■ Work instruction ■
Below is a listing; retype exactly the line with "Install the alignment" and every line after it through the end, and only those, leaving out the pictures.

■ Data excerpt ■

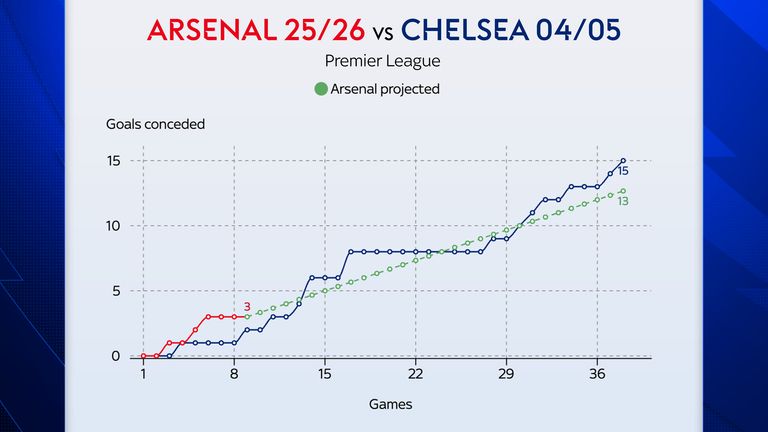 And if they keep going like this, they’re also on course to break Chelsea’s record for the fewest goals conceded in a Premier League season. Jose Mourinho’s Blues let in just 15 goals in the 2004/05 campaign – but Arsenal are on course to let in just 13.
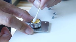 Install the alignment target into the lens carriage and place a small piece of masking tape over it.
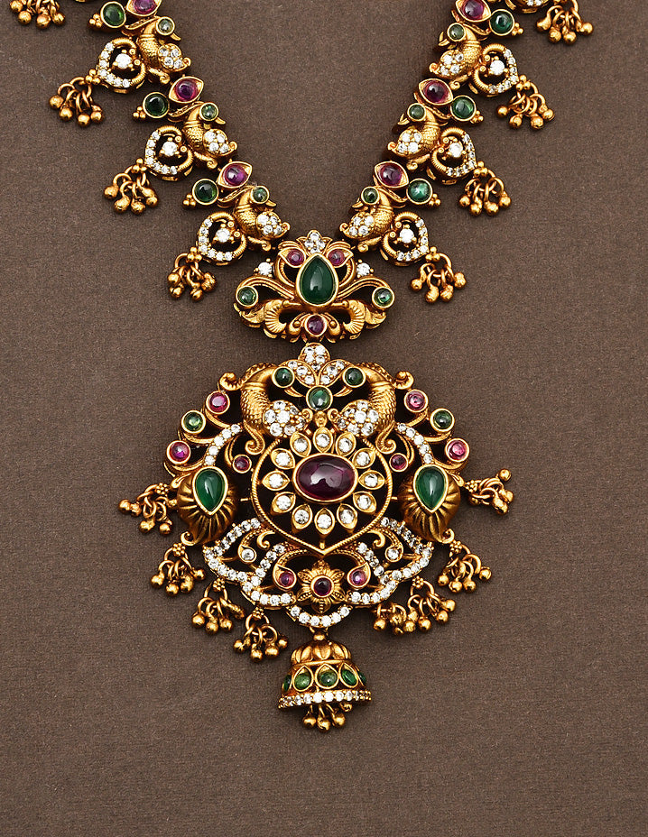 The Designer Matt Zirconia Necklace Set features a stunning peacock design, adorned with exquisite Ruby, Emerald, and white stones of Lakshmi Devi. Expertly crafted, this set is sure to elevate any outfit and make a bold statement. Experience luxury and elegance with this one-of-a-kind necklace set.

■ Solution ■
 Install the alignment target into the lens carriage and place a small piece of masking tape over it.
 The Designer Matt Zirconia Necklace Set features a stunning peacock design, adorned with exquisite Ruby, Emerald, and white stones of Lakshmi Devi. Expertly crafted, this set is sure to elevate any outfit and make a bold statement. Experience luxury and elegance with this one-of-a-kind necklace set.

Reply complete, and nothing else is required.